Records shown below:

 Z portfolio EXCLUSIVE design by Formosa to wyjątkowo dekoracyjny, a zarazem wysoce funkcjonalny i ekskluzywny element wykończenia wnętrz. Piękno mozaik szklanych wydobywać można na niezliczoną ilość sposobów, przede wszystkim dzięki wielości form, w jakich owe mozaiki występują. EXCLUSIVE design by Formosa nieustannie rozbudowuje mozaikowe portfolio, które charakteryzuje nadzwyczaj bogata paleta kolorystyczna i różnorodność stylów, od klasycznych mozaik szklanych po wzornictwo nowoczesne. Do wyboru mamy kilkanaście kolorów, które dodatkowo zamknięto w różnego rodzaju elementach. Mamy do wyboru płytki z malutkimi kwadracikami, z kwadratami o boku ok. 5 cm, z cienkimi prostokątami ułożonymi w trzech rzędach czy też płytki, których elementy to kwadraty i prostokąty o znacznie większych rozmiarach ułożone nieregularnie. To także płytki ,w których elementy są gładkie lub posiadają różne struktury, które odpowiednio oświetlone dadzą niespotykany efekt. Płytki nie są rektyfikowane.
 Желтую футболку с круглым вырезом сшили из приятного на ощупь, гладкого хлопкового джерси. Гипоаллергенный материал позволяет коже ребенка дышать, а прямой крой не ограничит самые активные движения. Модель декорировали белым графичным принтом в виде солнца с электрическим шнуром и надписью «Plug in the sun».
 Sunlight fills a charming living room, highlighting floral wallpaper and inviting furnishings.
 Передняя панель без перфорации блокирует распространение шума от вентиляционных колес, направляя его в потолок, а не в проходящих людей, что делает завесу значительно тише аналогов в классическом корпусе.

End of Records shown.
Records shown below:

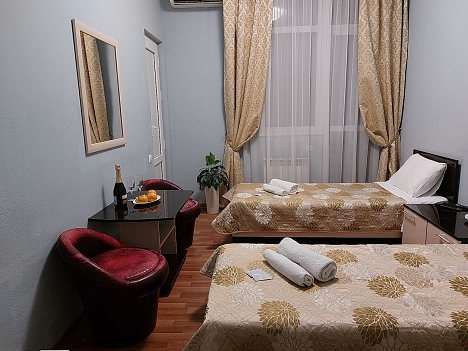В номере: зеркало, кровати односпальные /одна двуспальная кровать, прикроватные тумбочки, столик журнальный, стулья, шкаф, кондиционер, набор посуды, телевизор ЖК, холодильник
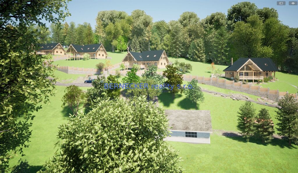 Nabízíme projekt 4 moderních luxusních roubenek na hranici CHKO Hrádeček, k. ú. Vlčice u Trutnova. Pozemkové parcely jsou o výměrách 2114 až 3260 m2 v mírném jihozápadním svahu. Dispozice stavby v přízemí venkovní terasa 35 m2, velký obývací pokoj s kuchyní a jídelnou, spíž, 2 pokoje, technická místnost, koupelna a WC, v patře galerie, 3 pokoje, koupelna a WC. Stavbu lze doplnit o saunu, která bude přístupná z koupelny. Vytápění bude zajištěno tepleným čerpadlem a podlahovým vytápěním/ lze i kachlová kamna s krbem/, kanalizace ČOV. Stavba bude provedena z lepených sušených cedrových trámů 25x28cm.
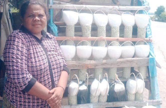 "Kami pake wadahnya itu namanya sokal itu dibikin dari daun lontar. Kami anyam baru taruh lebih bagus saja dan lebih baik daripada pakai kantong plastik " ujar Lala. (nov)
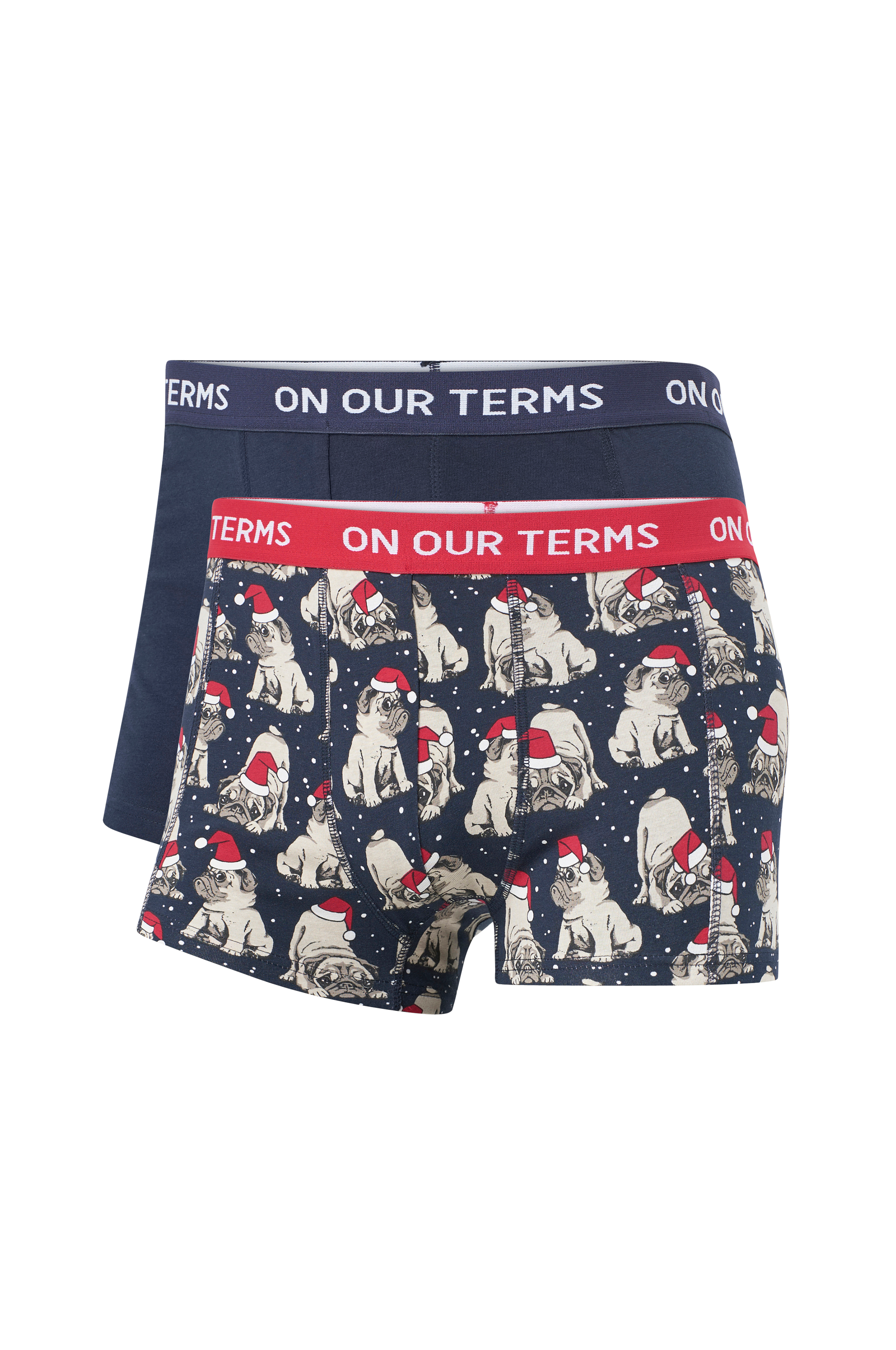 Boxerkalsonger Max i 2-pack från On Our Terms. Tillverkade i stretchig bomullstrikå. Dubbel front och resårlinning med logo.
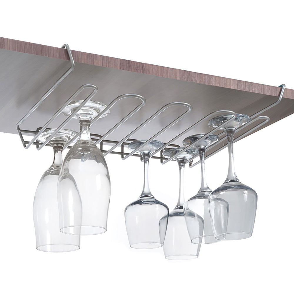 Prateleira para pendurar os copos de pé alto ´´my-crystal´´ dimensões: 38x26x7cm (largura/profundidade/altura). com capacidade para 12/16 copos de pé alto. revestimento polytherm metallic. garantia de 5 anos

End of Records shown.

- _What you have to do_: Please copy the lines above exactly, starting at the line that holds "Boxerkalsonger Max i" and ending at the line that holds "Prateleira para pendurar"; include both, but no pictures.

- _Answer for the task_:
 Boxerkalsonger Max i 2-pack från On Our Terms. Tillverkade i stretchig bomullstrikå. Dubbel front och resårlinning med logo.
 Prateleira para pendurar os copos de pé alto ´´my-crystal´´ dimensões: 38x26x7cm (largura/profundidade/altura). com capacidade para 12/16 copos de pé alto. revestimento polytherm metallic. garantia de 5 anos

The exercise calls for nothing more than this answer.